Substituting at the high school level has all the potential elements of disaster. Students can view it as a day off or worse, a chance to do things they can’t normally get away with. Lesson plans can be scant, especially if the teacher has taken ill suddenly, and even if the lesson is planned perfectly, the subject matter may be one that the substitute is not well versed in, or at an elevated level such as honors physics. Given these potential pitfalls, is there hope for the high school substitute? Absolutely there is. Here are some tips for surviving substituting.
This is probably the most important tip. Being early allows time to see the detail of the lesson plans, and whether they will most likely take up the entire class period. There may also be valuable hints from the teacher as to which students to rely on, and which might need closer supervision. Arriving well before the school day starts can also allow for touring the school to get a feel of the climate, visit with other staff members and administration. Often times helpful hints can be obtained from just such conversations.

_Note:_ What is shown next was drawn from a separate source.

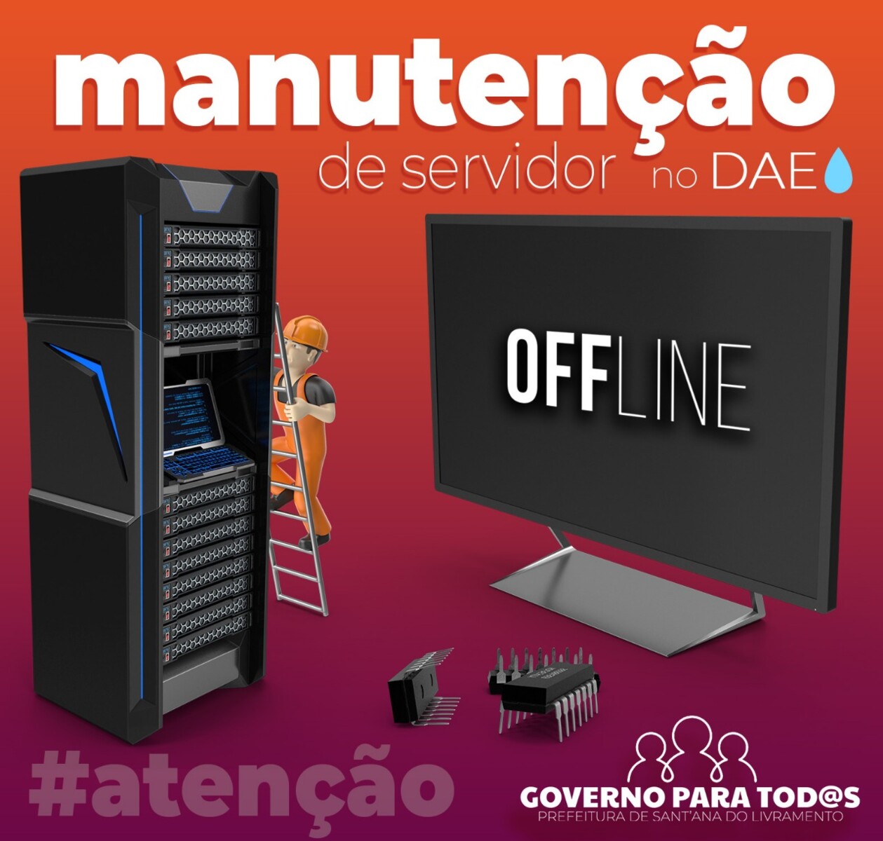O Departamento de Água e Esgoto informa que devido a uma pane elétrica, o servidor de rede/firewall teve o seu sistema de inicialização afetado, requerendo manutenção corretiva. Com isso, o sistema do DAE encontra-se "FORA DO AR (OFFLINE)", bem como o site, impossibilitando arrecadação e serviços como: emissão de 2ª via de contas, e também documentos relacionados. A previsão do término da manutenção é de 24h para que o servidor esteja novamente operacional.

It is always wise to bring extra lesson enhancers in case the teacher being substituted for has not left extensive enough plans. These can include logic puzzles, topics for discussion, or even a list of educational websites that students might find interesting enough to fill a void in planning. Be careful not to be so attached to these exercises however, that the lesson left by the instructor fails to be completed. No one wants the reputation of “doing their own thing” and not completing what was asked. Teachers DO appreciate someone who can fill extra time though, when last minute plans are not ideal.
High school students appreciate someone who can make them smile or laugh. Without crossing the line to sheer silliness, humor can add a relaxed tone to a sometimes tense first encounter. Substitutes can still discipline effectively without taking on a defensive or vindictive tone. Someone who can maintain an upbeat energetic demeanor is more likely to develop rapport, then one who appears to be waiting for something bad to happen so they can pounce.
Even though you are the authority in the classroom, it is very important to remember that you are a guest in that mini-culture. Communicate that you are appreciative of students’ attention and efforts. Comment on positive things you see the teacher has done. No one likes a person who comes into their house and is immediately either critical or feels a sense of entitlement. Portraying a grateful attitude can make students want to put their best efforts and behaviors on display.
No substitute is going to go through the process unchallenged. There will be some job assignments that are better than others, obstacles that are unforeseen and students who take great pleasure in trying to rattle the visitor. The key is to possess some strategies that can counter these inevitabilities. By doing so, students can earn a level of trust, respect that leads to them spreading the word that you’re a great person to have when their teacher is gone.